◆ ENTRIES SHOWN ◆
'''
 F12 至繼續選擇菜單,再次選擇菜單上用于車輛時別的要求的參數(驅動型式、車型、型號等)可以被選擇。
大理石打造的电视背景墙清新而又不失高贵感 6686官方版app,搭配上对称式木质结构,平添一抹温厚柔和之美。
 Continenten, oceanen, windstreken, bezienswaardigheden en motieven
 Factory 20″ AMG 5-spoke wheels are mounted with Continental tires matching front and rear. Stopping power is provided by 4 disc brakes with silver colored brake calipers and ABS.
'''
'''
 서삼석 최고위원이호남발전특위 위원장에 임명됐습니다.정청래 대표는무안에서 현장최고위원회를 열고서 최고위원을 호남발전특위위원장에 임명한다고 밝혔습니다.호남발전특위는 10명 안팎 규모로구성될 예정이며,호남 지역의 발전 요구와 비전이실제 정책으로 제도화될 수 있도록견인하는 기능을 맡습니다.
'''
◆ WHAT TO PRODUCE ◆
All that belongs in the answer is the run of lines above from the line containing "F12 至繼續選擇菜單,再次" through the line containing "Factory 20″ AMG", exactly as written.

◆ ANSWER TO THIS EXERCISE ◆
 F12 至繼續選擇菜單,再次選擇菜單上用于車輛時別的要求的參數(驅動型式、車型、型號等)可以被選擇。
大理石打造的电视背景墙清新而又不失高贵感 6686官方版app,搭配上对称式木质结构,平添一抹温厚柔和之美。
 Continenten, oceanen, windstreken, bezienswaardigheden en motieven
 Factory 20″ AMG 5-spoke wheels are mounted with Continental tires matching front and rear. Stopping power is provided by 4 disc brakes with silver colored brake calipers and ABS.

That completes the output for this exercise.